### WORK INSTRUCTIONS
Please repeat only the lines below starting at the line that holds "2022 Cross-border new" and ending at the line that holds "Vietnam, à Hanoï. |", exactly, with both of those lines included and every picture omitted.

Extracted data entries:
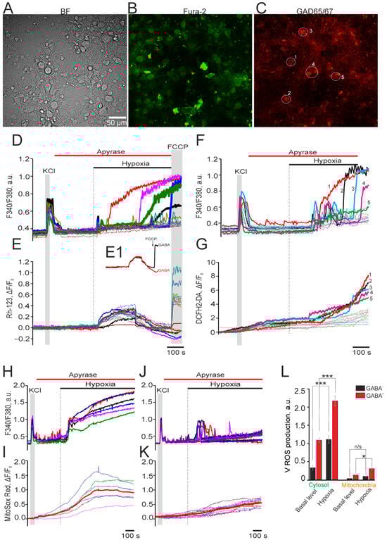 Differential effects of prolonged hypoxia on Ca2+ signaling and ROS production in hippocampal GAD 65/67(-) and GAD 65/67(+) neurons. (A–C) Transmitted microscopy images (A) of hippocampal cell culture corresponding to Fura-2 images (380 nm channel) (B) and immunocytochemical staining with antibodies against glutamate decarboxylase GAD65/67 (C). The white circles and numbers in panel (C) indicate GAD 65/67(+) neurons. (D,E) [Ca2+]i dynamics (D) and mitochondrial membrane potential (E) in GAD 65/67(-) and GAD 65/67(+) (numbers 1–5) neurons during hypoxia. (E1) Averaged values of mitochondrial membrane potential of GAD 65/67(-) (black curve) and GAD 65/67(-) (red curve) neurons during hypoxia and in response to the application of 1 μM of a mitochondrial respiratory chain uncoupler—FCCP (to detect mitochondria functionality). (F,G) Simultaneous [Ca2+]i dynamics registration (F) and ROS production (G) in the cytosol of GAD 65/67(-) and GAD 65/67(+) (numbers 1–5) neurons during hypoxia. Numbers indicate signals of GAD 65/67(+) neurons and correspond to the images in panels (C,H,I). Simultaneous [Ca2+]i dynamics (H) and ROS production (I) by mitochondria of GAD 65/67(+) neurons during hypoxia. (J,K) Simultaneous [Ca2+]i dynamics registration (J) and ROS production (K) by mitochondria of GAD 65/67(-) neurons during hypoxia. (L) Rate of ROS production in the cytosol and mitochondria of GAD 65/67(-) (black bars) and GAD 65/67(+) (red bars) neurons during hypoxia. Averaged data for 63 (GAD 65/67(+) neurons) and 620 (GAD 65/67(-) neurons) cells are presented. Hypoxia was induced in the presence of the ATP-degrading enzyme apyrase (25 U/mL) to exclude the contribution of ATP secretion by astrocytes. KCl—short-term depolarization using a 35 mM KCl application to detect neurons. Statistical analyses were performed with the Student’s t-test. Differences are significant at *** p < 0.001 and * p < 0.05; n/s—differences are not significant (p > 0.05). For each panel, experiments were performed in 5 replicates.
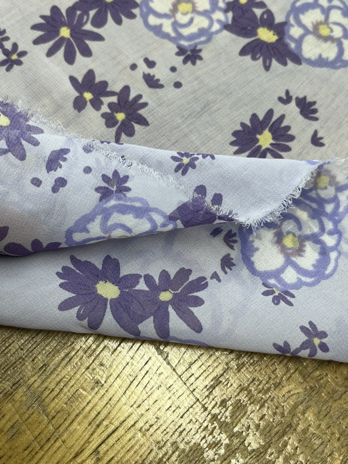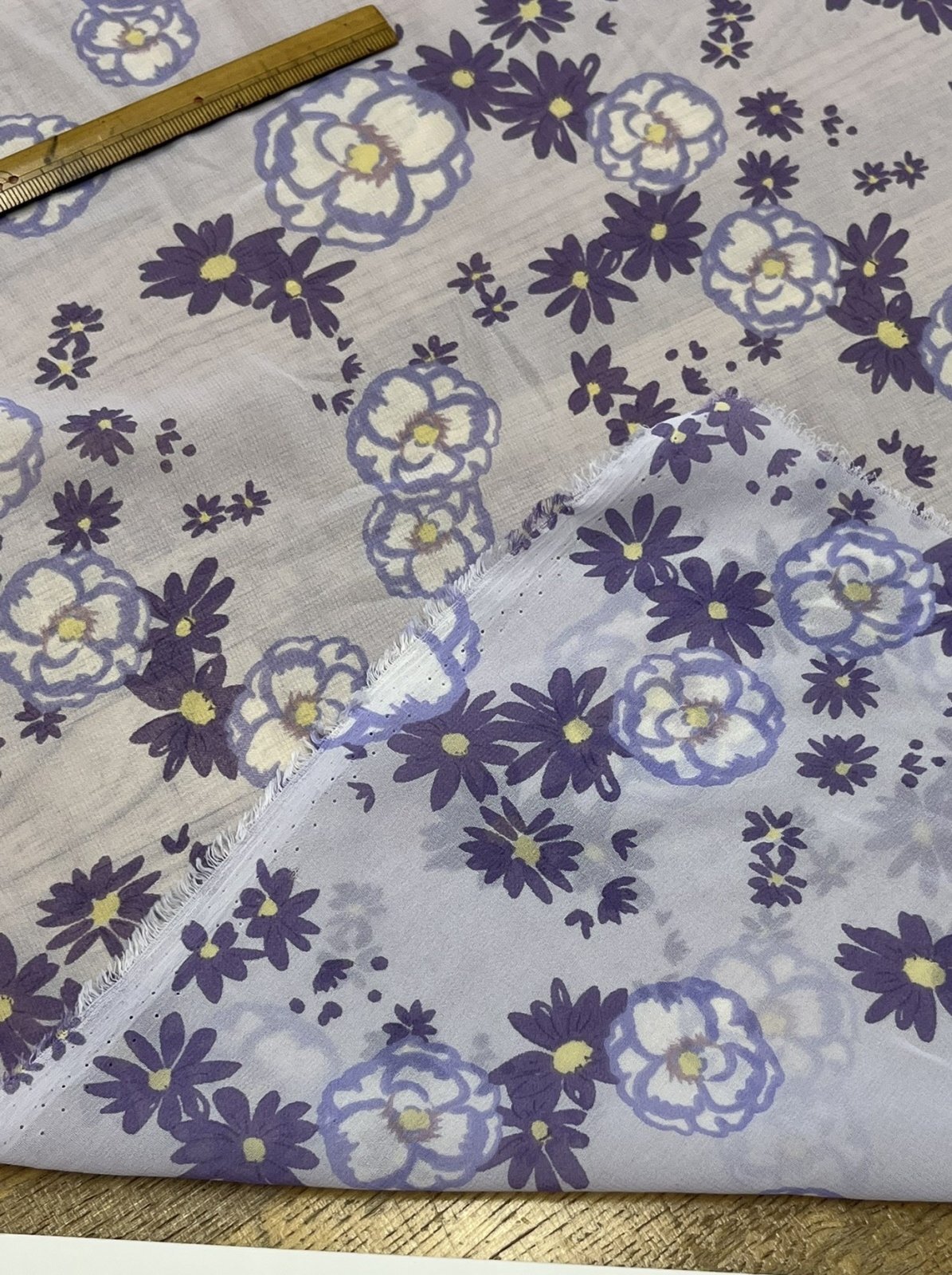 生地:ポリエステル シフォンプリント(ラベンダー系フラワー)
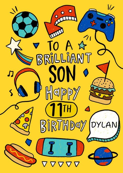 Pizza and Gaming To A Brilliant Son Happy 11th Birthday Card
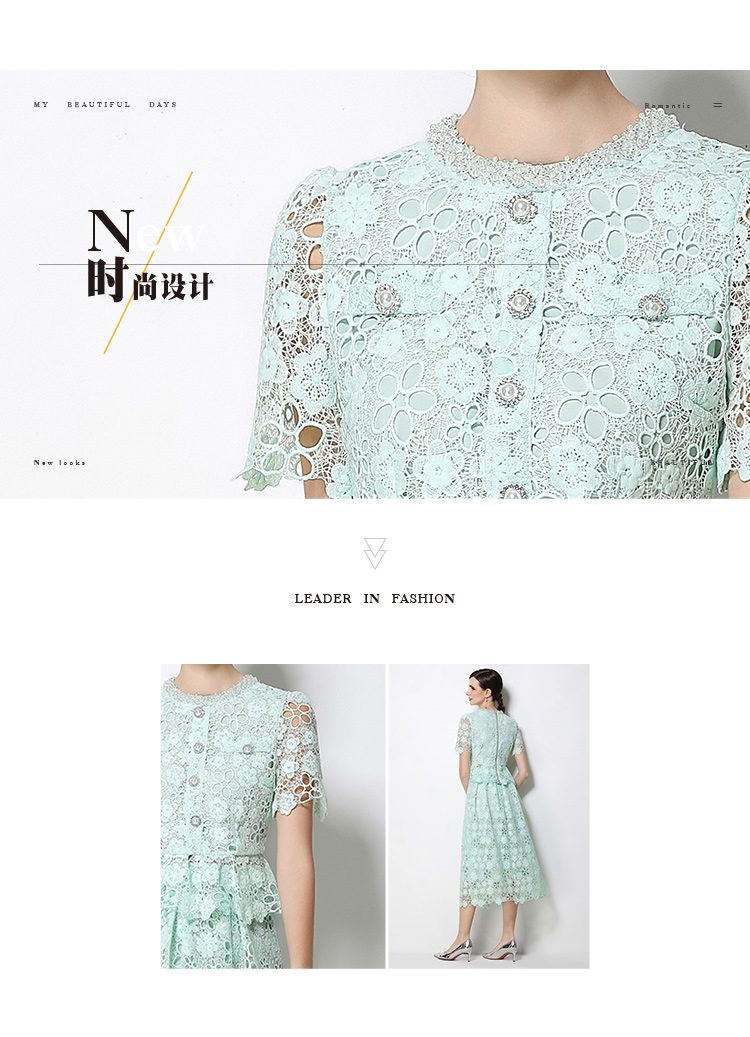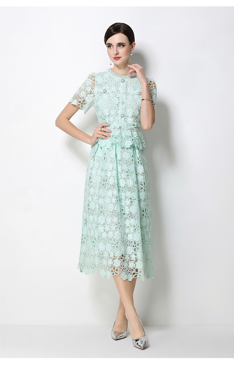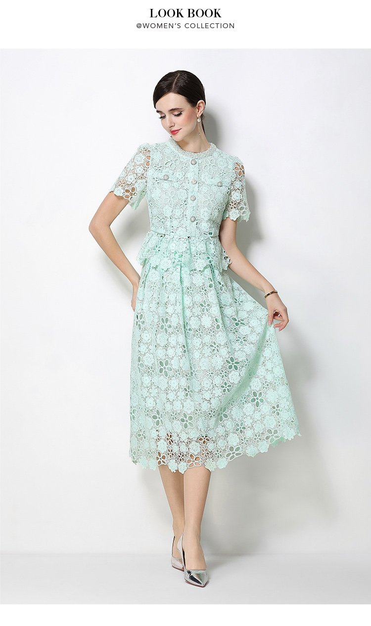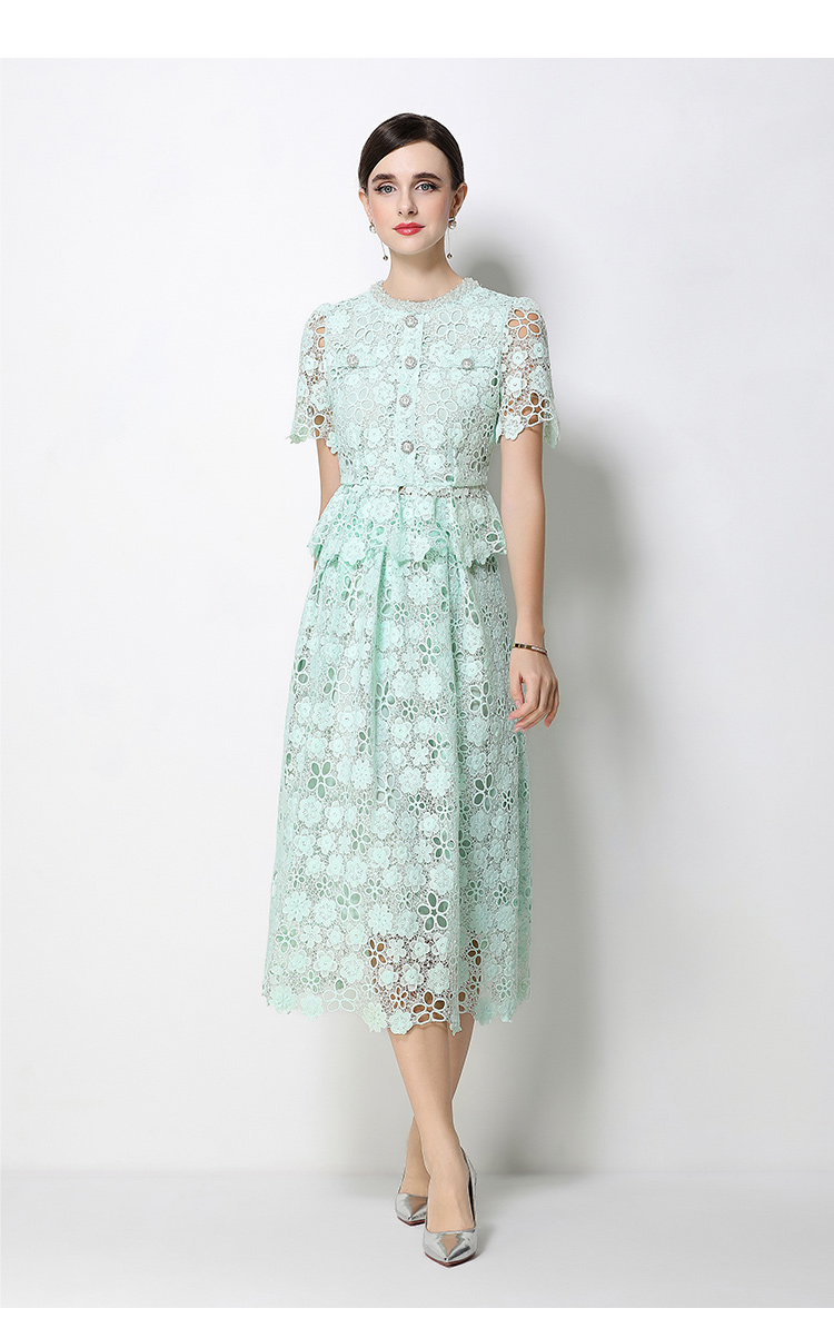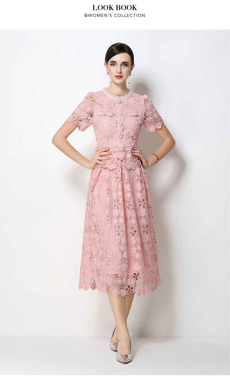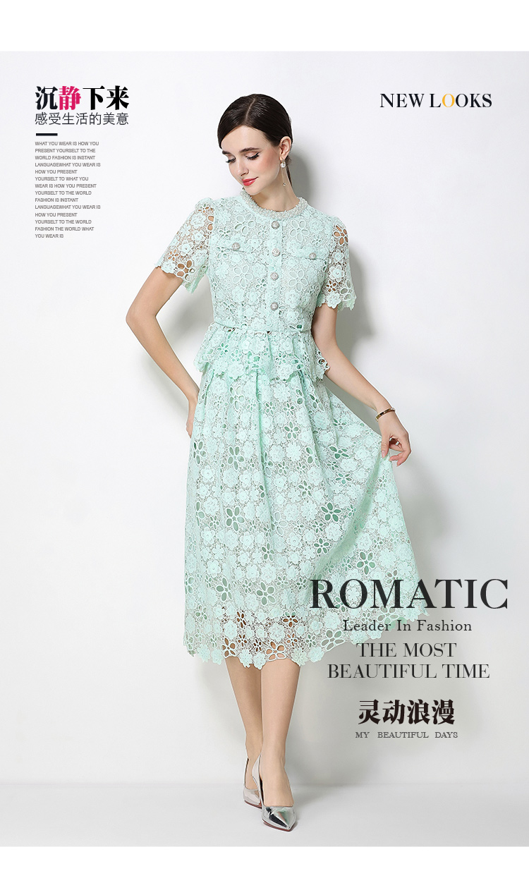 RY1770# 实拍原创轻奢高级感时尚显瘦镂空水溶蕾丝定位套装裙
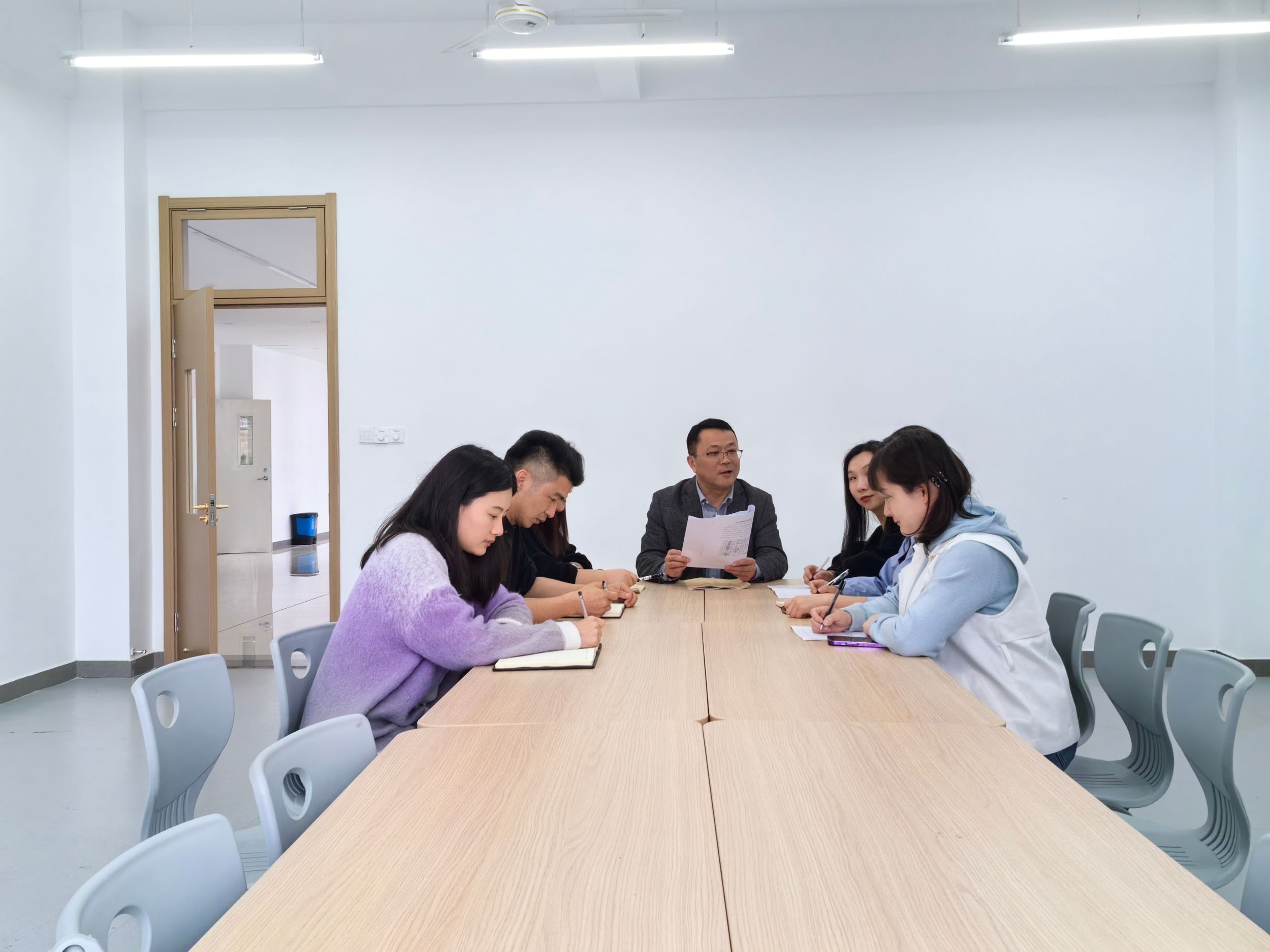 课后,张更立组织参与观摩的教师对本节课开展了教研。孔德小雅认为本次课程重点突出、教学内容完整、教师感染力强。刘雅莉从课程进度安排、教师示范方式等方面提出了建议。刘雨悦从音乐曲式特点和节奏特征等方面分享了对于教学内容选择与利用的心得。张更立指出,课堂教学是人才培养的关键环节,各位教师应主动学习,不断提高教学能力、提升课堂教学质量。(供稿:学前教育教研室)
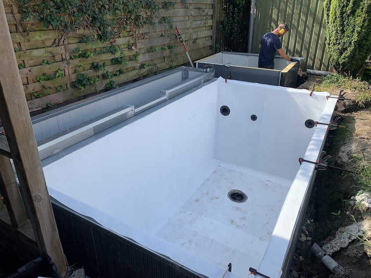 Deze vijver hebben wij voorzien van onderdoek en zwarte vijverfolie van 4-ever flex. Ook de bodemdrains en doorvoeren zijn door ons gemaakt en waterdicht gelast. Wij geven hierop 10 jaar garantie.
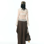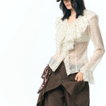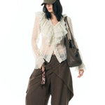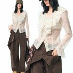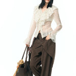 The blouse features a delicate sheer fabric with tiny polka dots, finished with cascading ruffles along the neckline and cuffs for a soft, vintage-inspired elegance. Lightweight yet eye-catching, it adds a dreamy contrast to the structured bottoms.
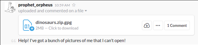 $ gpg -d dinosaurs.zip.gpg > dinosaurs.zipThen unzip it...
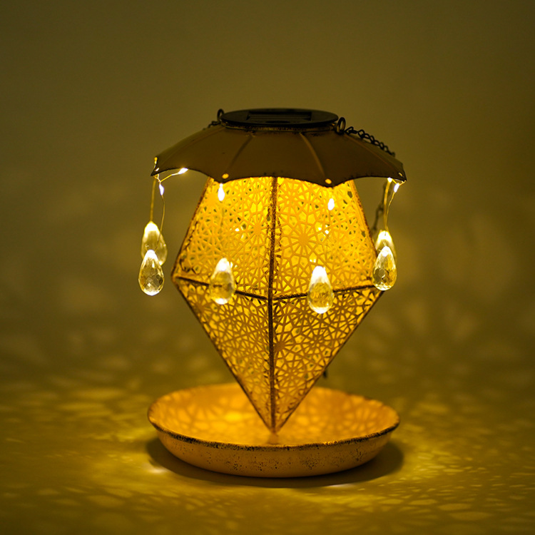 2022 Cross-border new products: ironwork solar lamps, hollowed-out brick and stone umbrellas, bird feeders, courtyard decoration, dynamic garden lamps
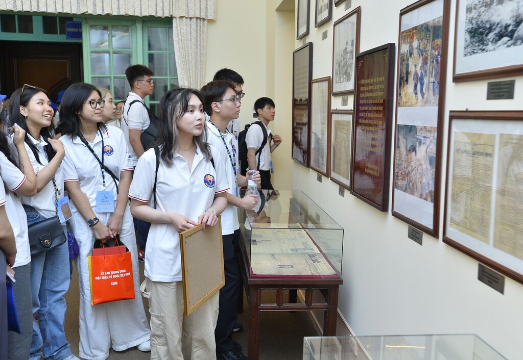 | Des jeunes Viêt kiêu visitent le musée du Front de la Patrie du Vietnam, à Hanoï. |
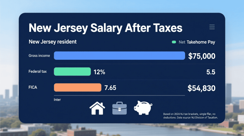 If you live or work in New Jersey, your salary after taxes—often called take-home pay—will be less than your gross income once federal, state, and payroll deductions are applied.
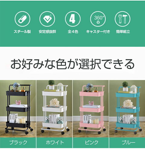様々なシーンで大活躍! 製品仕様 本体サイズ(約):幅42×奥行35×高さ87cm 重量:約3.5kg 耐荷重:約30kg(1段あたり10kg) 材質:スチール 粉体塗装、プラスチック カラー:ブラック、ホワイト、ブルー、ピンク セット内容 本体×1 注意事項 ※測る位置によって、本体サイズの誤差は多少発生します。

### SOLUTION FOR THIS TASK
 2022 Cross-border new products: ironwork solar lamps, hollowed-out brick and stone umbrellas, bird feeders, courtyard decoration, dynamic garden lamps
 | Des jeunes Viêt kiêu visitent le musée du Front de la Patrie du Vietnam, à Hanoï. |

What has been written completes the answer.